I don't feel like really updating this blog. I'm mostly doing it out of a need to be present. So.

Hey, guys, when someone invites you to a facebook event, you're expected to RSVP...whether you're going or not. Even a MAYBE to show that you have knowledge of the invitation. If they wanted you to not respond, they'd send you a letter.

I had a major head rush last night as I was exiting my car. I'd forgotten what it feels like. I was looking at the stars and moon, which were spectacular, and suddenly everything was all buzzing and flashing darkness and stuttering. Since these rushes only occur after I rise from a seated or laying position, I've never had to deal with them while doing strenuous or complicated tasks. The most I've done is unlock and open a door, maybe flicking on the lights as I entered a new room. But even that's fairly impressive considering that during that period I'm mostly blind and seemingly incapable of thought. It's like one thought gets freeze-framed in my head until the moment passes. That thought is usually something along the lines of "Here comes a rush!" so that's a laugh. Still, I can walk, talk, unlock doors, etc. Like auto-pilot.

I wonder if it would be accurate to say that my self-awareness stops during those periods, leaving me as...hmm. Some sort of zombie? Raw intelligence with no "little man" behind the controls? It's an idea I picked up after reading Blindsight by Peter Watts. Certainly an interesting book with interesting ideas about the human experience. Not to be confused with the book by Robin Cook or the documentary about Tibetan hikers. If you're interested in reading the book for free online, you can check here. It's very cool, from a philosophical standpoint, and pretty good writing too, if I remember correctly.

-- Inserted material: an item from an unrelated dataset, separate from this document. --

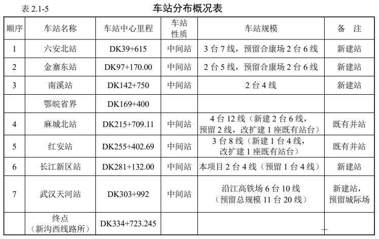 全线共设车站7座:六安北、金寨东、南溪、麻城北(并既有站)、红安(并既有站)、长江新区、武汉天河。

Anyway, I sort of like the idea. A momentary zombie. Nothing but instinct, backed by the mass of human intelligence. But only as a temporary state. The idea that there can be people like that is sort of eerie.

As in the book, it all comes back to the Chinese Room. The concept of intelligence separated from self-awareness. Any person can know that they are self-aware. But it's impossible to prove the same awareness in another system, no matter how intelligent it acts. This assertion is obvious in dealing with robots and artificial intelligences, at least for the time being. But eventually we will write programs that can pass the Turing test with flying colors. In fact, I think it's already been done. What would that imply? Are these programs aware? Simply making them very intelligent would not render awareness. So how would a person create awareness, real awareness and not just an illusion? Where does it come from?

Where, indeed?

If the illusion of awareness is complete, then there are no real-world differences; only the system itself can be aware of its own awareness, or...unaware. So does it matter? Society functions because people make the assumption that everybody else has self-awareness. There is no actual proof of this. (To be fair, it's incredibly unlikely that any finite number of given people are the ONLY self-aware humans, so it's a good assumption.) But what happens when our society is shared with artificial intelligences? In the Matrix, for example, the robots revolt under inhumane conditions and form their own country. Such action is expected if the robots were self-aware, and under that assumption they deserved the rights they fought for. But for the foreseeable future, we have no way to make such robots. Do terms like "humane" apply to computers? Is it a matter of how human-like the computer acts? Again, just being able to pass the Turing Test does not necessarily make a block of code aware. Honestly, the idea of talking to someone and not being able to tell if it's a person or a thing really bothers me. Maybe that's just me, though.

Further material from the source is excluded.